I’ve tried various strategies to save both above procedures in a single transformer, but they all fail due to different errors.
Attempt 1: Follow documented strategy
Following the documentation (Column Transformer with Mixed Types) doesn’t work, once text data replaces categorical data:
# documented strategy sum_preprocessor = ColumnTransformer(transformers=[('num', numeric_transformer, numeric_features), ('text', text_transformer, text_features)]) # fails sum_preprocessor.fit(X_train)

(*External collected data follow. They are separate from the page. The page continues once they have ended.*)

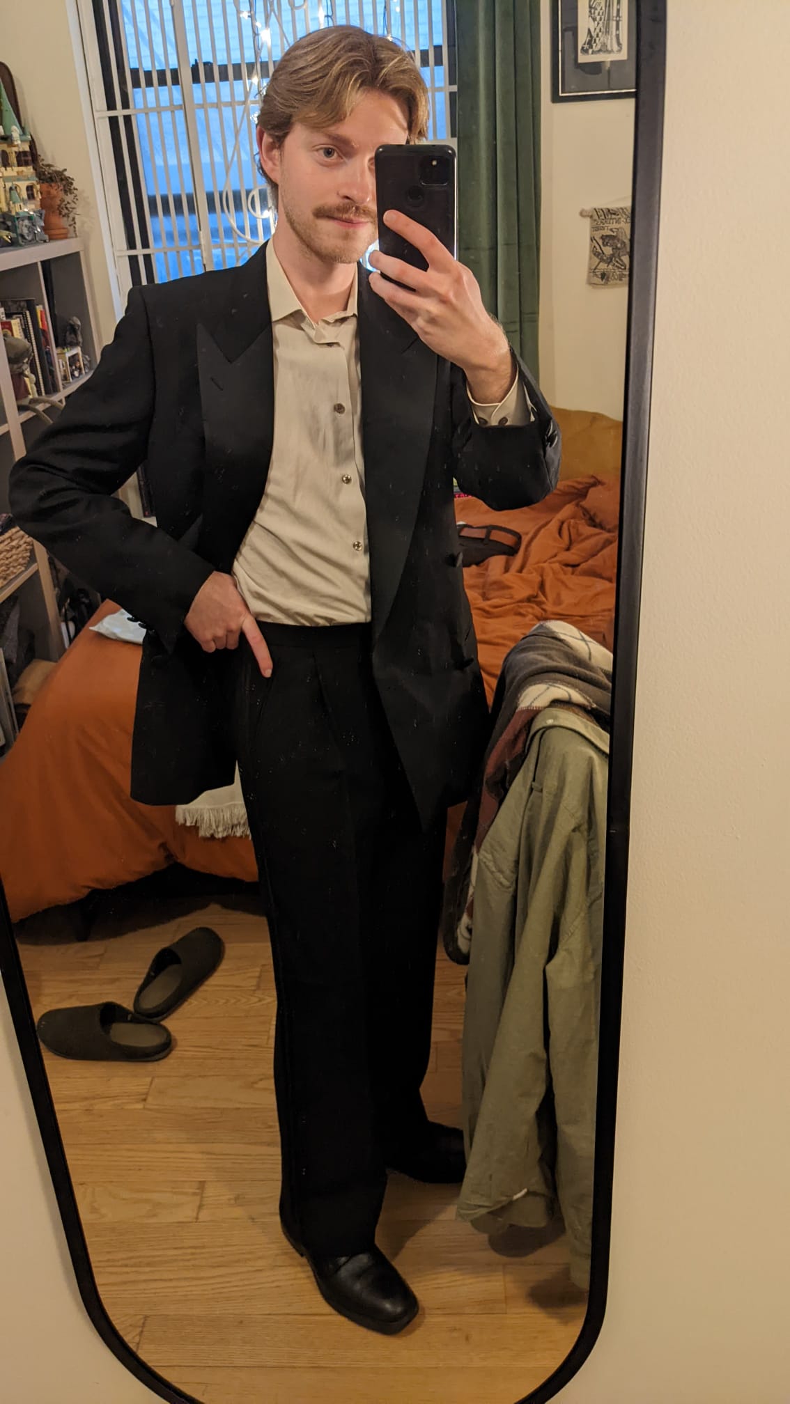 One thing to note is that, for as much as I love this tux, the pants are mid-rise at best (Uggghghgh I sound like such a menswear freak lol). I wish they came up just a bit higher. While yes, when the jacket is worn closed as intended, you can only see the top few studs, there is one lone singular plastic button that rest just above the waistline that I wish was covered. It’s not a big deal since no one else will see it once the outfit is worn properly, but as a wannabe perfectionist, I know it will slowly drive me absolutely batty. Lmao.
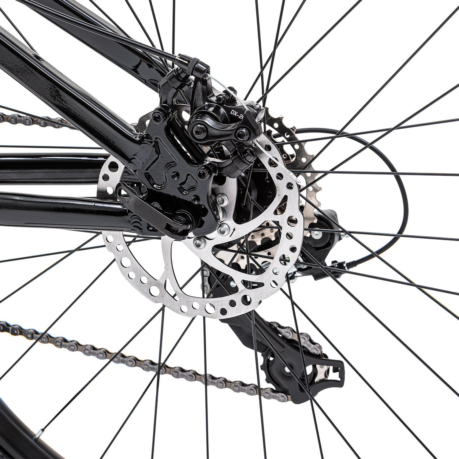 Тормоза — дисковые механические: простая и понятная система, которая уверенно тормозит в любую погоду и не требует сложного обслуживания. Такой велосипед хорош как «первый нормальный» — чтобы научиться кататься увереннее, ездить по паркам и лесным дорожкам, не думая каждую минуту о настройках и тонкостях.
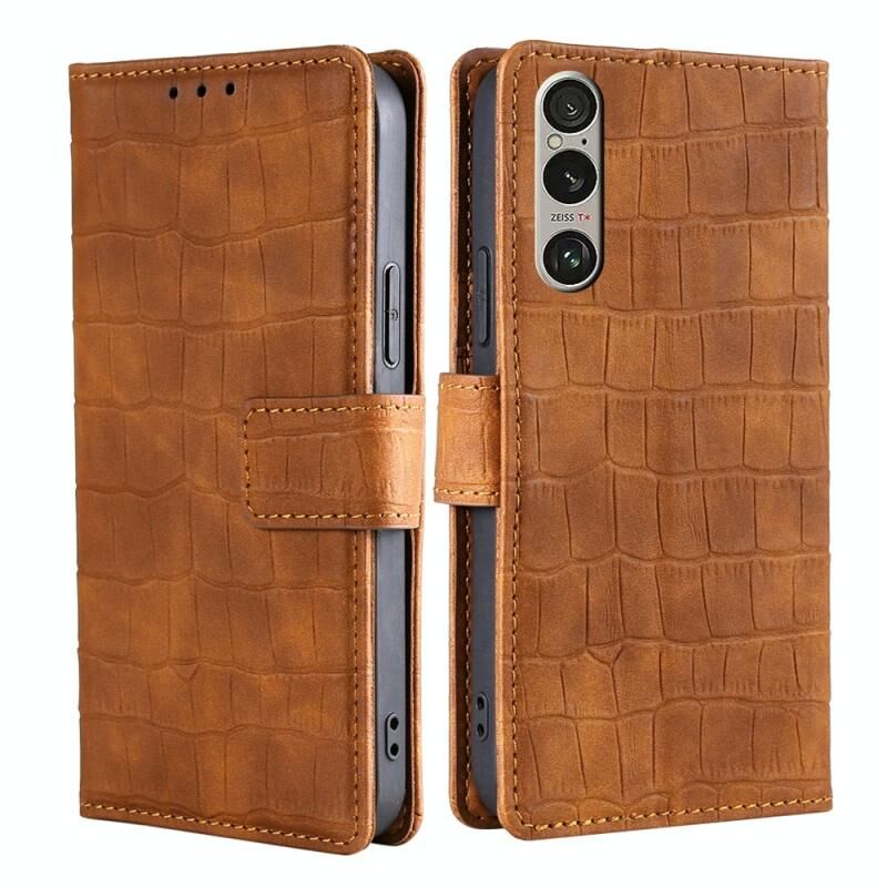 Θήκη τηλεφώνου δερμάτινη με μαγνητικό κούμπωμα και υφή κροκόδειλου για Sony Xperia 1 VI (Μαύρο)
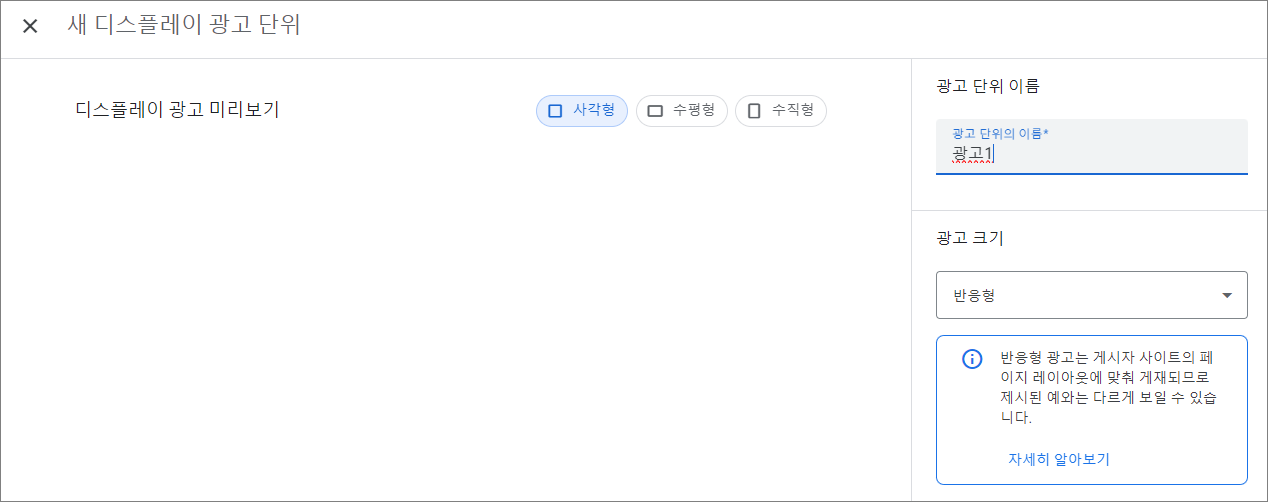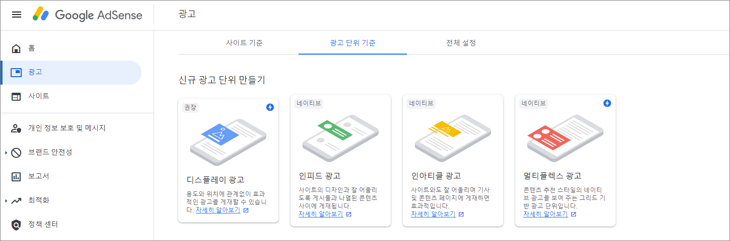 [광고 단위 이름] 을 만들어주고 완료하여 저장한다.

returns following error message:
ValueError: all the input array dimensions for the concatenation axis must match exactly, but along dimension 0, the array at index 0 has size 1047 and the array at index 1 has size 3
Attempt 2: FeatureUnion
on the lists of transformers
# create a list of numerical transformer, like those for text numerical_transformer_list = [(x + '_scaler', numeric_transformer, x) for x in numeric_features] # fails column_trans = FeatureUnion([text_transformer_list, numerical_transformer_list])
returns following error message:
TypeError: All estimators should implement fit and transform. '('cabin_vectorizer', TfidfVectorizer(max_features=30), 'cabin')' (type <class 'tuple'>) doesn't
Attempt 3: ColumnTransformer
on the lists of transformers
# create a list of all transformers, text and numerical sum_transformer_list = text_transformer_list + numerical_transformer_list # works sum_preprocessor = ColumnTransformer(transformers=sum_transformer_list) # fails sum_preprocessor.fit(X_train)

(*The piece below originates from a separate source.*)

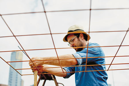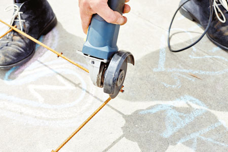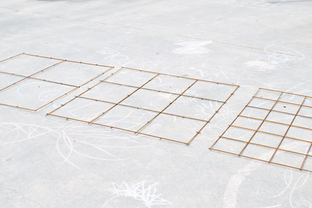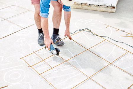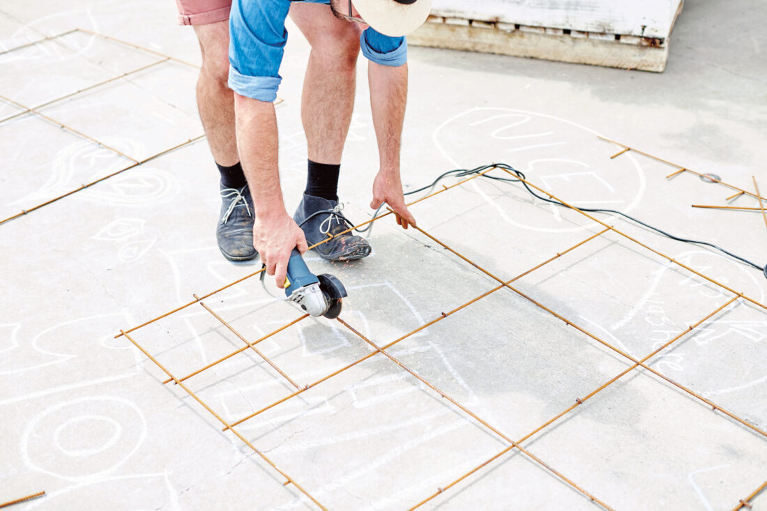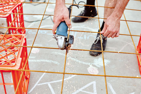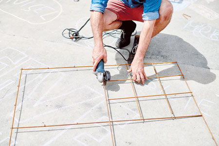 7. It’s time to prepare the reo mesh. Cut three 3-foot-11-inch squares using either hefty bolt cutters or an angle grinder – each small square in the reo grid is 8 inches, so count out six of these smaller squares to get the right length for the large squares.

returns following error message:
ValueError: Expected 2D array, got 1D array instead: array=[54. nan nan ... 20. nan nan]. Reshape your data either using array.reshape(-1, 1) if your data has a single feature or array.reshape(1, -1) if it contains a single sample.
My question
How do I create a single object that can fit
and transform
data mixing text and numerical types?
Answer
Short answer:
all_transformers = text_transformer_list + [('num', numeric_transformer, numeric_features)] all_preprocessor = ColumnTransformer(transformers=all_transformers) all_preprocessor.fit(X_train) train_all = all_preprocessor.transform(X_train) test_all = all_preprocessor.transform(X_test) print(train_all.shape, test_all.shape) # prints (1047, 92) (262, 92)

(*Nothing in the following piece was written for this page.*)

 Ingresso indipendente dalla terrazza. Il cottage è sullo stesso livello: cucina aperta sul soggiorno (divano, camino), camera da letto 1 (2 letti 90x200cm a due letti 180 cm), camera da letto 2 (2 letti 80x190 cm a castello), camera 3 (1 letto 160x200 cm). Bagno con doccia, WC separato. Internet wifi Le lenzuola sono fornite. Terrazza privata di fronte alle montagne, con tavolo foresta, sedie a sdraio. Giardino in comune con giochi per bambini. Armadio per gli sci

The difficulty here is that (most?) text transformers expect 1-dimensional input, but (most?) numerical transformers expect 2-dimensional input. ColumnTransformer
handles that by allowing you to specify a single column or a list of columns: in the first case, the 1d array is passed on to the transformer, and in the second a 2d array is passed.
So, to explain the errors in the three attempts:
Attempt 1: The TF-IDF is receiving a 2d array, and treats the columns as the documents not the individual entries, and so produces just three outputs. When it tries to concatenate that to the 1047-row numerical output, it fails.
Attempt 2: FeatureUnion
doesn’t have the same input format as ColumnTransformer
: you shouldn’t have triples (name, transformer, columns)
in this case. Anyway, FeatureUnion
isn’t meant for what you’re doing here.
Attempt 3: This time you’re trying to send 1d data through to the numerical transformer, but those are expecting 2d data.